Despite their age, the oldest stars in our galaxy are the ones to move the fastest, outperforming their younger counterparts, according to a new analysis by the University of Birmingham – which could help to better understand the history of our galaxy and its stars.
Researchers calculated that the old stars are moving more quickly in and out of the disc of the Milky Way, the pancake-shaped mass at the heart of the Galaxy where most stars are located.
Stars towards the outskirts could be knocked by gravitational interactions with smaller galaxies passing by. Towards the inner parts of the disc, the stars could be disturbed by massive gas clouds that move along with the stars inside the disc. They could also be thrown out of the disc by the movement of its spiral structure.
“The specific way that the stars move tells us which of these processes has been dominant in forming the disc we see today. We think older stars are moving active because they have been around the longest, and because they were formed during a period when the Galaxy was a bit more violent,” said Dr. Ted Mackareth, the lead author.
The study, published in the Monthly Notices of the Royal Astronomical Society, used data from the Gaia satellite, currently working to chart the movements of around 1 billion stars in the Milky Way. It also takes information from APOGEE, an experiment that uses spectroscopy to measure the distribution of elements in stars.
Measurements as part of the research showed how the brightness of stars varies over time, which gives insights into how they vibrate. In turn, that yields information about their interior structure, which enables scientists to calculate their age.

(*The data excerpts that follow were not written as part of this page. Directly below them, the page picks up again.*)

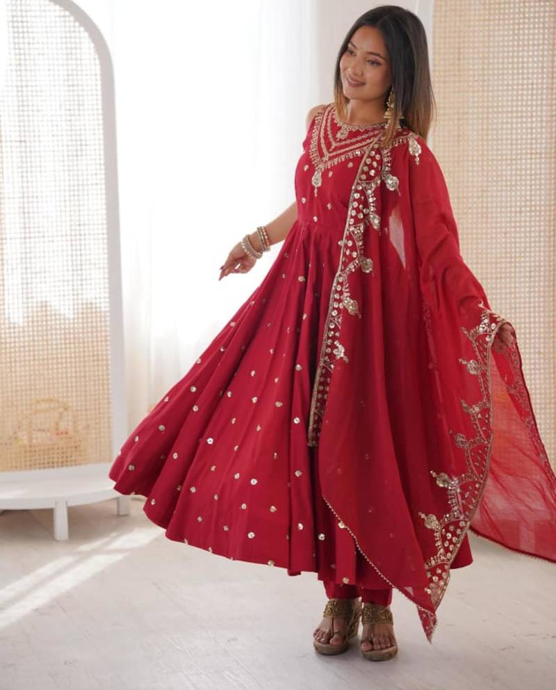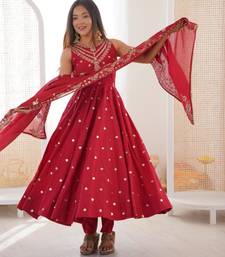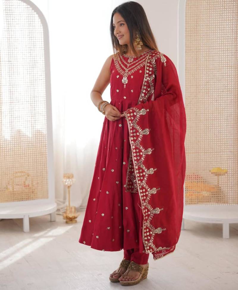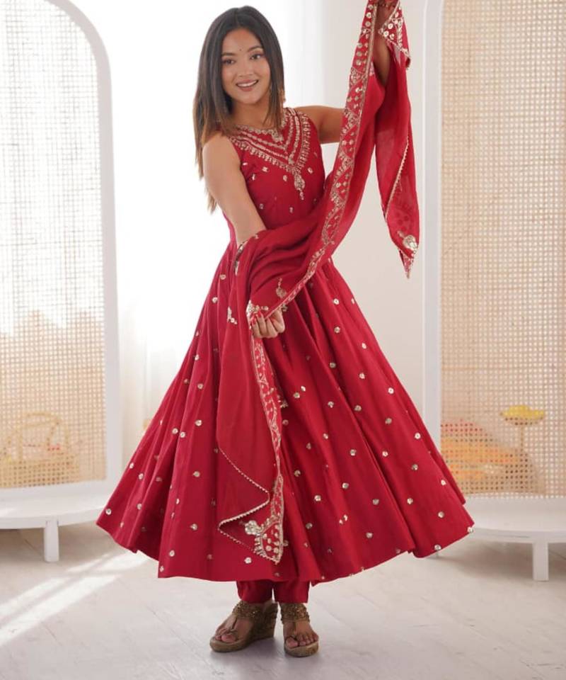 | Product Description | Celebrate In Style With This Rich Ruby Red Anarkali. The Outfit Features A Meticulously Embroidered Neckline And Scattered Sequin Work That Adds A Festive Glow. Finished With A Beautiful Scalloped Edge Dupatta, This Premium Silk Blend Suit Is The Ultimate Choice For Bridal Festivities And Traditional Holiday Celebrations |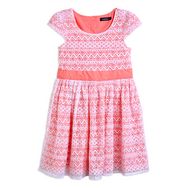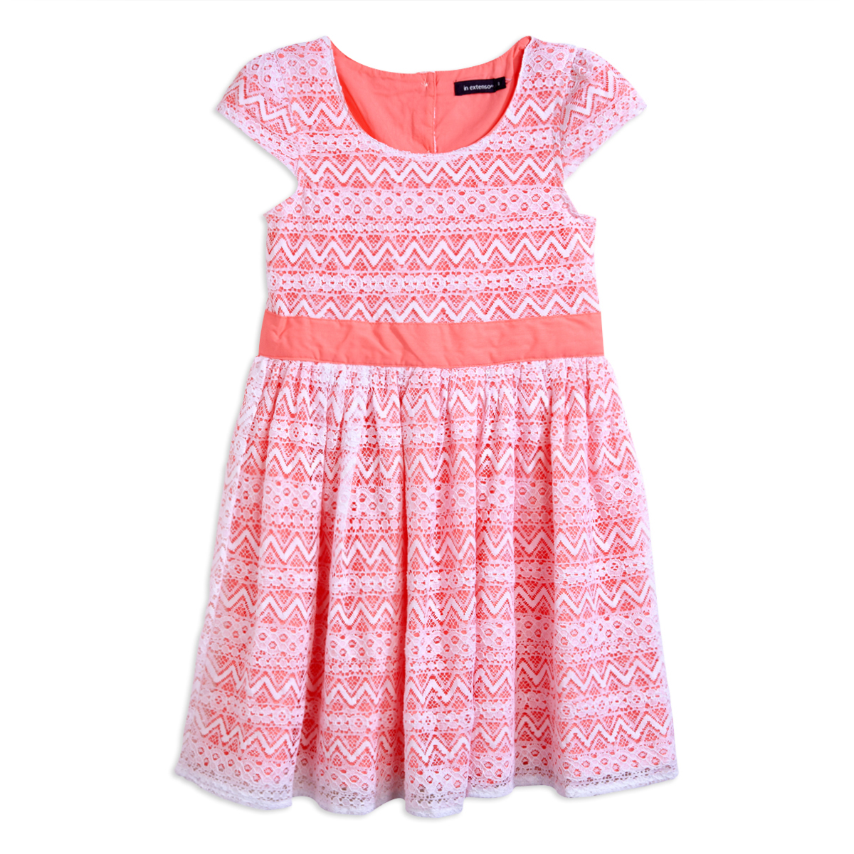 Cette robe se pare de dentelle pour séduire les filles ! Agréable à porter. Dessus recouvert de dentelle. Dessous fluo. Ouverture boutonnée en haut du dos. Manches courtes. Nœud fantaisie au dos. Jeu de plis. Cette robe été fille est lavable en machine à 30°.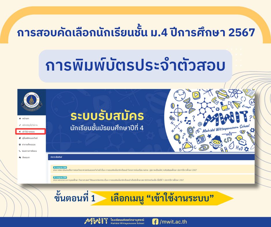การเตรียมความพร้อมเพื่อสอบคัดเลือกเข้าเป็นนักเรียนชั้น ม.4 ปีการศึกษา 2567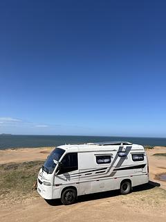 Estacionamos próximo as rochas, dormimos no carro. Lugar sem estrutura alguma. Noite com bastante vento e mosquito. Lugar bem calmo, somente um pescador passou por ali.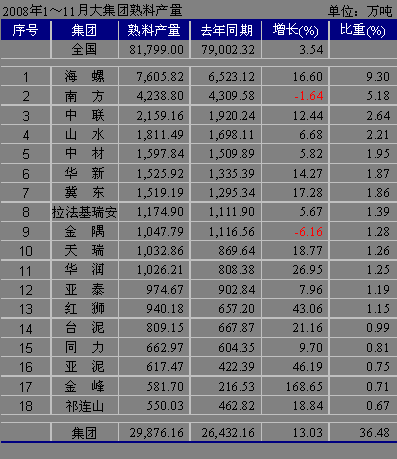 2008年1~11月全國水泥大集團熟料產(chǎn)量統(tǒng)計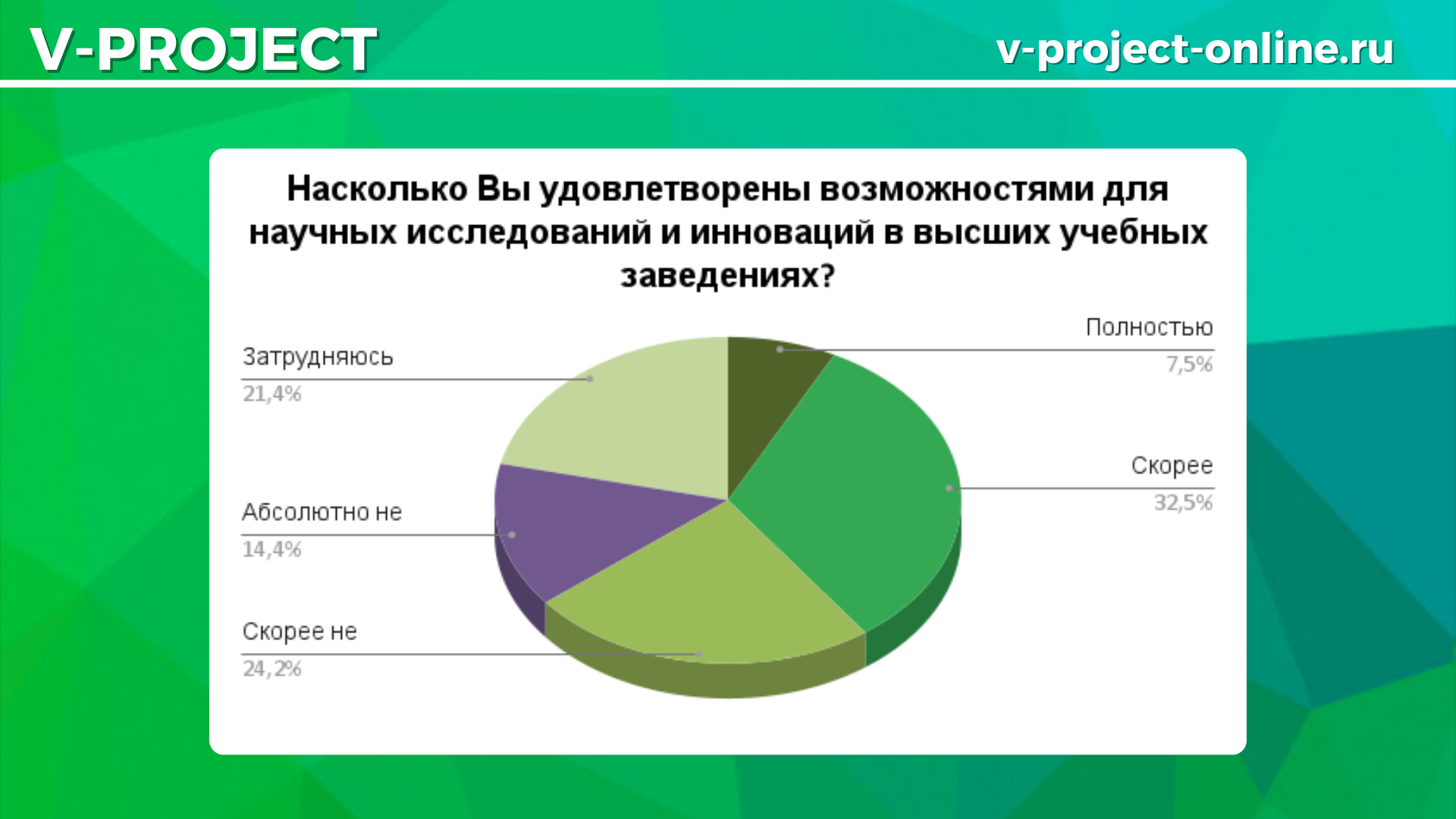 Одной из ключевых метрик развитости индустрии высшего образования является развитие системы научных исследований и возможностей для создания инноваций. Мы узнали, насколько люди довольны условиями для развития этих областей в высших учебных заведениях. 32,5% — скорее удовлетворены положением дел, 24,2% — скорее не удовлетворен (а) и лишь 7,5% полностью удовлетворены.

The researching team was able to take these different data strands and calculate the differences in velocity between different sets of stars grouped by age. They found that the older stars were moving in many different directions with some moving very quickly out from the galactic disk.
Meanwhile, younger stars move closely together at much slower speeds out from the disc, although they are faster than the older stars as they rotate around the Galaxy within the disc.
Looking ahead, researchers would like to link what is known about the Milky Way with information about how other galaxies in the universe formed. This would allow placing the galaxy within the very earliest signatures of the universe.